So much for Semper Fi do or die!
I’m spending my first day at my new position as Chef de Partie staring at the ceiling, flat on my back, sick in bed. How do you like them apples? This is such a bad joke, it’s not even worthy of a three tap drum roll.
Despite the onset of ma crève yesterday I ironed my chef’s jacket and my chef’s pants too laying them aside for a quick morning exit. I even trekked out in the rain to the 14th arrondissement to get all my knives sharpened.
My knife guy does everyone’s couteaux in Paris including the staff at Hotel Crillon and Le Meurice. He grinds many a galley cook’s knives to razor sharp precision – and he’ll be happy to do yours too. (address at the bottom of post). It’s a lot of fun to see his enormous five foot grinding wheel turning while he holds the blades against it, sparks flying everywhere.
Every time I go he tells me to be careful with my freshly sharpened knives. And every time without fail I slice one of my ten doigts without even noticing it. That’s how crazy sharp they are.
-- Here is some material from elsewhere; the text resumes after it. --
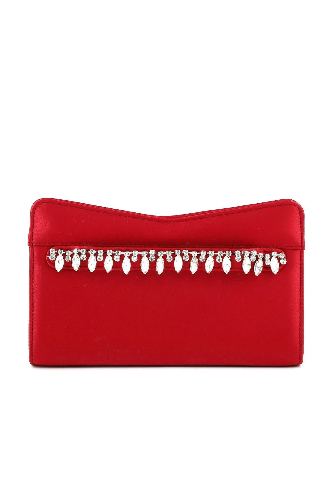 This red clutch is made with the fully embellished oval shape over a solid frame...

You don’t know you’re cut until blood gushes everywhere and you realize it’s your blood that’s making the mess. The nice thing about smooth cuts (as opposed to cuts from serrated knives) is that you really don’t even feel them. Until you start cooking…
I had my first chef’s knife professionally sharpened twelve years ago while working at Ristorante Ecco in San Francisco. I was so darned proud of that knife. It was a beautiful enormous Wüsthof chef’s knife (Global who?) I didn’t have a satchel of knives like other cooks, just had that one German workhorse and at a whopping $64, it was all I could afford. In hindsight it was too long and heavy for me, but I didn’t care. I just loved the weight of it in my hand and the power it wielded.
After a month at the Garde Manger station my trusty steed began to dull past the point of a sharpening rod’s aid. Since everyone’s knives were dull he Head Chef, Wendy, called the knife man to come in and grind all of our blades. She warned me that my knife would be very, very sharp afterwards.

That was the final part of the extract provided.